About this task » Copy out the entries exactly, and wherever a picture appears, leave it out.

*** Data section Section Begins ***

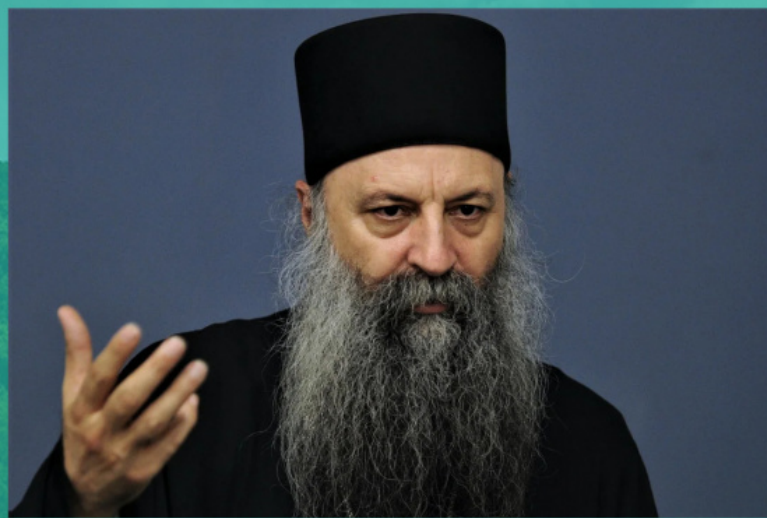
Патриарх Сербский Порфирий

В 2014 г. Архиерейский Собор СПЦ избрал викария Бачской епархии Порфирия митрополитом Загребско-Люблянским. Настолование, которое совершил Патриарх Сербский Ириней в присутствии многих архиереев СПЦ, состоялось 13 июня 2014 г. в кафедральном соборе Преображения Господня в Загребе. На этом посту митрополит Порфирий снискал широкую известность благодаря своей общественной и миротворческой деятельности, направленной на укрепление Православия в регионе. При нем также было завершено обновление монастыря Лепавина, старейшего духовного центра православных сербов в Хорватии.
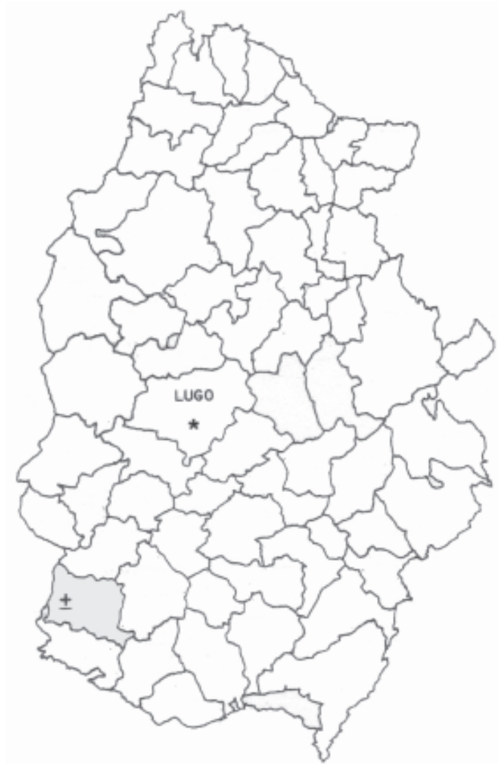
Mapa provincial de Lugo. Concello de Chantada. Santuario de Nosa Señora do Faro (Requeixo - Chantada). Autor: D. José Cancio Fernández
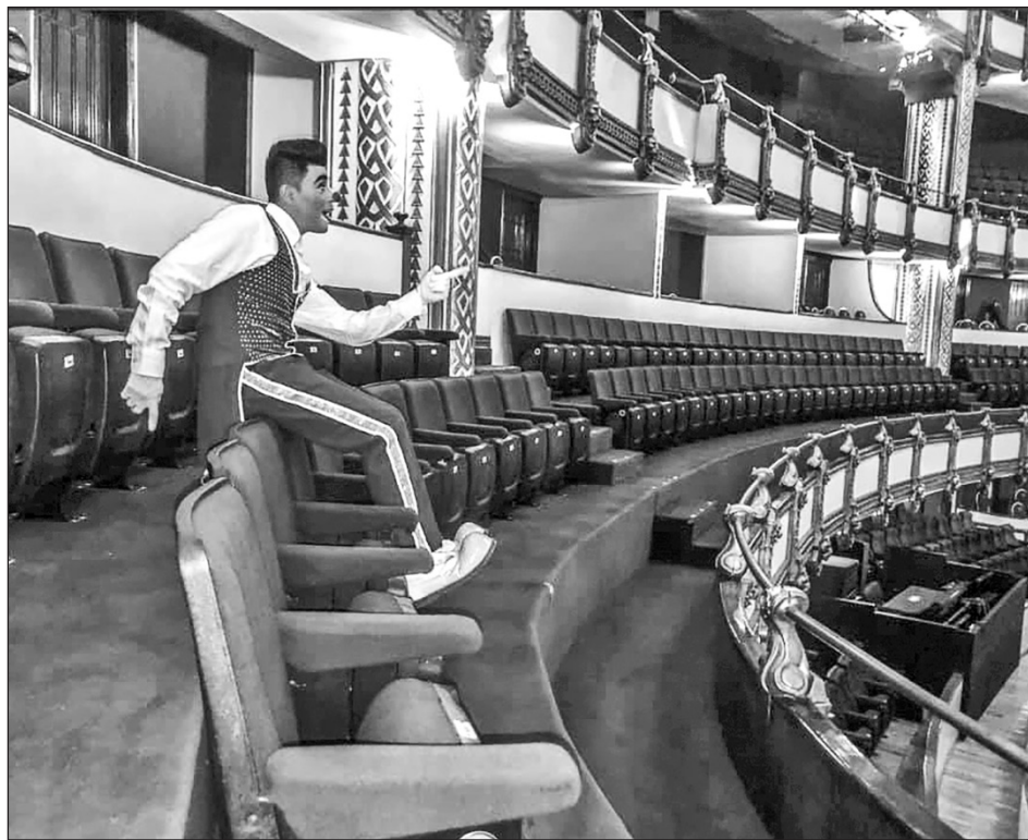
▲ Esta institución del espectáculo ha sorteado diversas etapas en sus más de cien años de historia, desde la Revolución Mexicana hasta la actual pandemia.
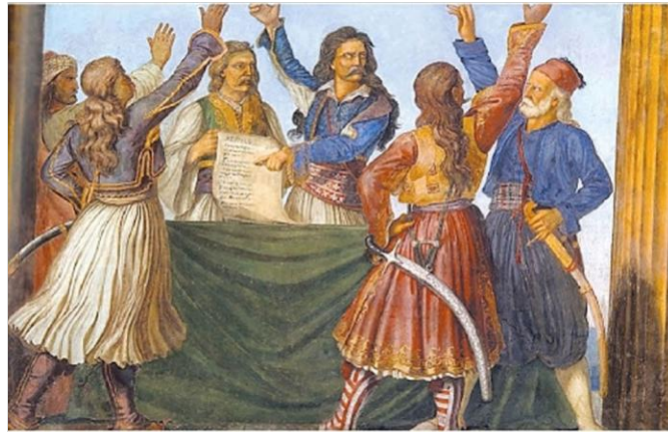
Η Α΄ Εθνοσυνέλευση της Επιδαύρου (Ιανουάριος 1822)
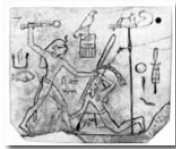
Reĝo (Faraono) Den batas malamikon Bildo sur eburo, el Abydos, ĉ. 3000AKE

Ĉu la ĉisupra bildo sur eburo havas legeblan signifon, aŭ nur ilustras agon de la reĝo? Pri tio ne eblas precize scii nuntempe.
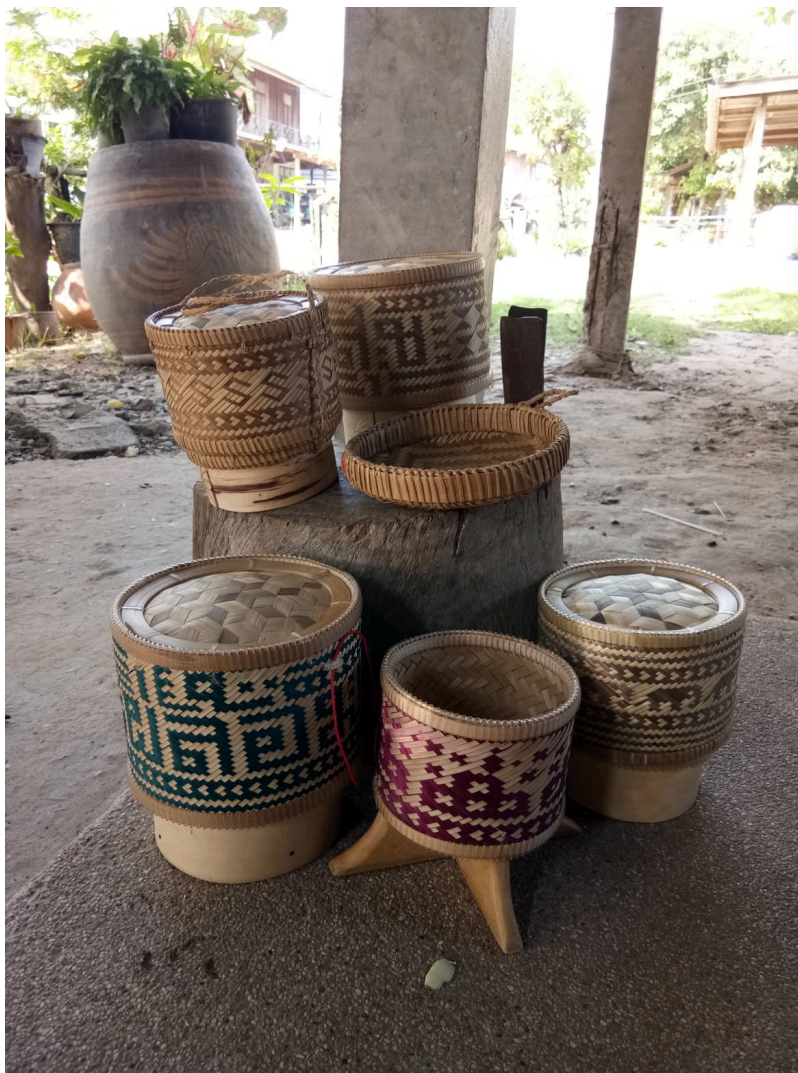
ผลิตภัณฑ์กระติบข้าว

*** Data section Section Ends ***

Completed task »
Патриарх Сербский Порфирий

В 2014 г. Архиерейский Собор СПЦ избрал викария Бачской епархии Порфирия митрополитом Загребско-Люблянским. Настолование, которое совершил Патриарх Сербский Ириней в присутствии многих архиереев СПЦ, состоялось 13 июня 2014 г. в кафедральном соборе Преображения Господня в Загребе. На этом посту митрополит Порфирий снискал широкую известность благодаря своей общественной и миротворческой деятельности, направленной на укрепление Православия в регионе. При нем также было завершено обновление монастыря Лепавина, старейшего духовного центра православных сербов в Хорватии.
Mapa provincial de Lugo. Concello de Chantada. Santuario de Nosa Señora do Faro (Requeixo - Chantada). Autor: D. José Cancio Fernández
▲ Esta institución del espectáculo ha sorteado diversas etapas en sus más de cien años de historia, desde la Revolución Mexicana hasta la actual pandemia.
Η Α΄ Εθνοσυνέλευση της Επιδαύρου (Ιανουάριος 1822)
Reĝo (Faraono) Den batas malamikon Bildo sur eburo, el Abydos, ĉ. 3000AKE

Ĉu la ĉisupra bildo sur eburo havas legeblan signifon, aŭ nur ilustras agon de la reĝo? Pri tio ne eblas precize scii nuntempe.
ผลิตภัณฑ์กระติบข้าว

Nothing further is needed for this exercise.